Opinion
No. 2010AP050017.
DATE OF JUDGMENT ENTRY: October 18, 2010.
Writ.
Denied.
Derek Lichtenwalter, Pro Se, N.C.C.T.F. #564-988, for Relator.
Robert R. Stephenson II, for Respondent.
Before: Hon. Julie A. Edwards, P.J., Hon. W. Scott Gwin, J., Hon. Patricia A. Delaney, J.
OPINION
{¶ 1} Relator, Derek Lichtenwalter, has filed an "Original Action in a Writ of Mandamus." Relator has also filed a motion for default judgment or summary judgment. Respondent has filed an Answer as well as a motion for summary judgment.
{¶ 2} In Relator's motion for default judgment, he argues he is entitled to judgment because Respondent failed to file an answer or otherwise plead within 21 days of service of the complaint. Relator cites S.Ct. R. X for the proposition Respondent has only 21 days to file an answer. S.Ct. R. X does not apply to actions in the courts of appeals. Rather, our Loc. R. 4(A) provides in part that original actions "shall commence upon the filing of a complaint and proceed as a civil case under the Ohio Rules of Civil Procedure . . ." Ohio Civ. R. 12(A) provides in part, "(A) When answer presented (1) Generally. The defendant shall serve his answer within twenty-eight days after service of the summons and complaint upon him;" The Complaint was served upon Respondent on May 14, 2010. Pursuant to Ohio Civ. R. 12(A), an answer was due on or before twenty-eight days which would be on or before June 11, 2010. Respondent timely filed an answer on June 3, 2010. Further, pursuant to Civ. R. 55(D), Relator would not be entitled to a default judgment even had Respondent failed to file an answer. For these reasons, Relator's motion for default or summary judgment is denied.
{¶ 3} The basis for the complaint is the trial court's failure to merge offenses which Relator claims are allied offenses. Relator also appears to argue a writ should issue because he was not given the appropriate amount of jail time credit.
{¶ 4} For a writ of mandamus to issue, the relator must have a clear legal right to the relief prayed for, the respondents must be under a clear legal duty to perform the requested act, and relator must have no plain and adequate remedy in the ordinary course of law. State, ex rel. Berger, v. McMonagle (1983), 6 Ohio St.3d 28, 6 OBR 50, 451 N.E.2d 225.

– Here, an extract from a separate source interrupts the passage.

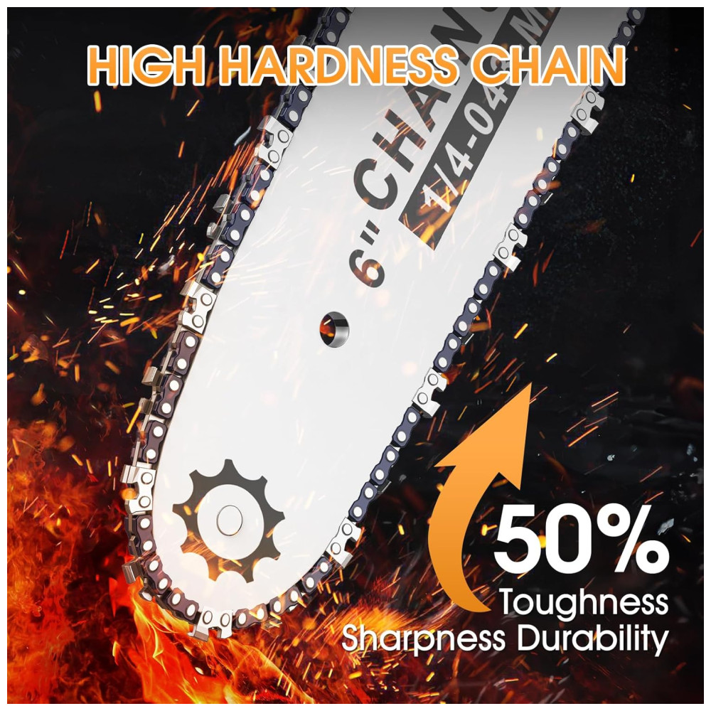 O kit inclui 2 correntes de liga temperada e uma lima para afiação, garantindo cortes precisos e maior vida útil do equipamento.

{¶ 5} The Supreme Court has held mandamus does not lie to challenge a trial court's failure to award jail time credit stating, "[A]n adequate remedy at law by appeal [exists] to raise any error by the trial court in calculating his jail-time credit. State ex rel. Brown v. Summit Cty. Court of Common Pleas, 99 Ohio St.3d 409, 2003-Ohio-4126, 792 N.E.2d 1123, ¶ 4." State ex rel. Rudolph v. Horton (2008), 119 Ohio St.3d 350, 351, 894 N.E.2d 49, 50.
{¶ 6} Further, we find Relator has or had an adequate remedy at law by way of direct appeal to challenge any sentencing error relative to the issue of allied offenses. See Hunter v. Sutula 2006 WL 225526, 2 (Ohio App. 8 Dist.).
{¶ 7} Because Relator has or had an adequate remedy at law to challenge his sentence and jail time credit, a writ of mandamus does not lie. For this reason, we grant Respondent's motion for summary judgment.
{¶ 8} RESPONDENT'S MOTION FOR SUMMARY JUDGMENT GRANTED.
{¶ 9} RELATOR'S MOTION FOR DEFAULT OR SUMMARY JUDGMENT IS DENIED.
{¶ 10} WRIT DENIED.
{¶ 11} COSTS TO RELATOR.
{¶ 12} IT IS SO ORDERED.
By Gwin, J., Edwards, P.J., and Delaney, J., concur.
JUDGMENT ENTRY
For the reasons stated in our accompanying Memorandum-Opinion, the writ is denied. Costs to Relator.